Generalizable self-supervised learning for brain CTA in acute stroke

Yingjun Dong; Samiksha Pachade; Kirk Roberts; Xiaoqian Jiang; Sunil A Sheth; Luca Giancardo

doi:10.1016/j.compbiomed.2024.109337

Generalizable self-supervised learning for brain CTA in acute stroke

Comput Biol Med. 2024 Nov 12:184:109337. doi: 10.1016/j.compbiomed.2024.109337. Online ahead of print.

Authors

Yingjun Dong¹, Samiksha Pachade¹, Kirk Roberts¹, Xiaoqian Jiang², Sunil A Sheth³, Luca Giancardo⁴

Affiliations

¹ McWilliams School of Biomedical Informatics at the University of Texas Health Science Center at Houston, Houston, TX 77030, USA.
² McWilliams School of Biomedical Informatics at the University of Texas Health Science Center at Houston, Houston, TX 77030, USA; Institute for Stroke and Cerebrovascular Diseases, University of Texas Health Science Center at Houston, Houston, TX 77030, USA.
³ Department of Neurology at McGovern Medical School, University of Texas Health Science Center at Houston, Houston, TX 77030, USA.
⁴ McWilliams School of Biomedical Informatics at the University of Texas Health Science Center at Houston, Houston, TX 77030, USA; Institute for Stroke and Cerebrovascular Diseases, University of Texas Health Science Center at Houston, Houston, TX 77030, USA. Electronic address: [email protected].

PMID: 39536386
DOI: 10.1016/j.compbiomed.2024.109337

Abstract

Acute stroke management involves rapid and accurate interpretation of CTA imaging data.

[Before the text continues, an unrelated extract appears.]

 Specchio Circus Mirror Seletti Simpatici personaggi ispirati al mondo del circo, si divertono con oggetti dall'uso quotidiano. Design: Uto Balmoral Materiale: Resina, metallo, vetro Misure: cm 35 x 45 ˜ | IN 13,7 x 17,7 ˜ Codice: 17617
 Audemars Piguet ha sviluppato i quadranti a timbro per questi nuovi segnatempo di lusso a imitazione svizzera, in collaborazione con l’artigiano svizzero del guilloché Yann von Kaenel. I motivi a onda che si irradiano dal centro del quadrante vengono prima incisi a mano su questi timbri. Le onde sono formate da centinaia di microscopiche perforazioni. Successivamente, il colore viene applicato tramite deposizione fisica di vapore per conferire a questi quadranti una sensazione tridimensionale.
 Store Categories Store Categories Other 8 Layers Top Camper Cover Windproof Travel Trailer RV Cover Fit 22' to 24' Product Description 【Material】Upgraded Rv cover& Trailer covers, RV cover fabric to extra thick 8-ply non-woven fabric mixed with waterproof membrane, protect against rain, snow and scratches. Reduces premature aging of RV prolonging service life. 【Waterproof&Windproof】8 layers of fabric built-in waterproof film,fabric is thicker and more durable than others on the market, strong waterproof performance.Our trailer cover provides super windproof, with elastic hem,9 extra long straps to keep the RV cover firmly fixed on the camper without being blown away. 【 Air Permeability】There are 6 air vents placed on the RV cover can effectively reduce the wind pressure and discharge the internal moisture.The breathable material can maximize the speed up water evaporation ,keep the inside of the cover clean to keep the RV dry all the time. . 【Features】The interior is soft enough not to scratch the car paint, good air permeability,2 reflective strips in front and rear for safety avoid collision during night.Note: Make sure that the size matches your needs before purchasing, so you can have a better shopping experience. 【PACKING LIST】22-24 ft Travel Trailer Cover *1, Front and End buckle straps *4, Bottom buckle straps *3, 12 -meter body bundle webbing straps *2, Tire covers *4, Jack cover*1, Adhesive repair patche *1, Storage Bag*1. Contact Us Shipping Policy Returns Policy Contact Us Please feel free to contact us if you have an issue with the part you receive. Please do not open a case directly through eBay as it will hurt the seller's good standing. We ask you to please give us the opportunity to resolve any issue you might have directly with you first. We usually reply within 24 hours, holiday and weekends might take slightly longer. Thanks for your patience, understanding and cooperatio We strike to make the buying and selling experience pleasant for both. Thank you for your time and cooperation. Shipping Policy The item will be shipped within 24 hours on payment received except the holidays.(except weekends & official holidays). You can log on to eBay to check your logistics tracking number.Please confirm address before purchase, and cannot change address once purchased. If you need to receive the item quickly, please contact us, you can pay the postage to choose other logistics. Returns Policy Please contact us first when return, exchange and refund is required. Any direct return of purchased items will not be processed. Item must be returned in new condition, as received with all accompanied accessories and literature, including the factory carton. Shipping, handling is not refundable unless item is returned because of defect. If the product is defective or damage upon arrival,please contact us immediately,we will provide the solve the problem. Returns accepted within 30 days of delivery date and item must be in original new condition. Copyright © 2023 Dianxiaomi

However, generalizable models for multiple acute stroke tasks able to learn from unlabeled data do not exist. We propose a linear probed self-supervised contrastive learning utilizing 3D CTA images and the findings section of radiologists' reports for pretraining. Subsequently, the pretrained model was applied to four disparate tasks: large vessel occlusion (LVO) detection, acute ischemic stroke detection, acute ischemic stroke, intracerebral hemorrhage classification, and ischemic core volume prediction. The tasks chosen are particularly challenging as they cannot be directly extracted from the radiology reports findings with keywords. The difficulty is compounded by the 3D feature representation required by tasks such as LVO detection. All imaging models were trained from scratch. In the pretraining phase, our dataset comprised 1,542 pairs of 3D CTA brains and corresponding radiologists' reports from 3 sites without any additional labels. To test the generalizability, we performed fine-tuning and testing phase with labeled data from another site on CTA brains from 592 subjects. In our experiments, we evaluated the influence of linear probing during the pretraining phase and found that, on average, it enhanced our model's generalizability, as shown by the improved classification performance with the appropriate text encoder. Our findings indicate that the best-performing models exhibit robust generalization to out-of-distribution data for multiple tasks. In all scenarios, linear probing during pretraining yielded superior predictive performance compared to a standard strategy. Furthermore, pretraining with reports findings conferred significant performance advantages compared to training the imaging encoder solely on labeled data.

Keywords: Acute stroke; Multi-task; Self-supervised learning.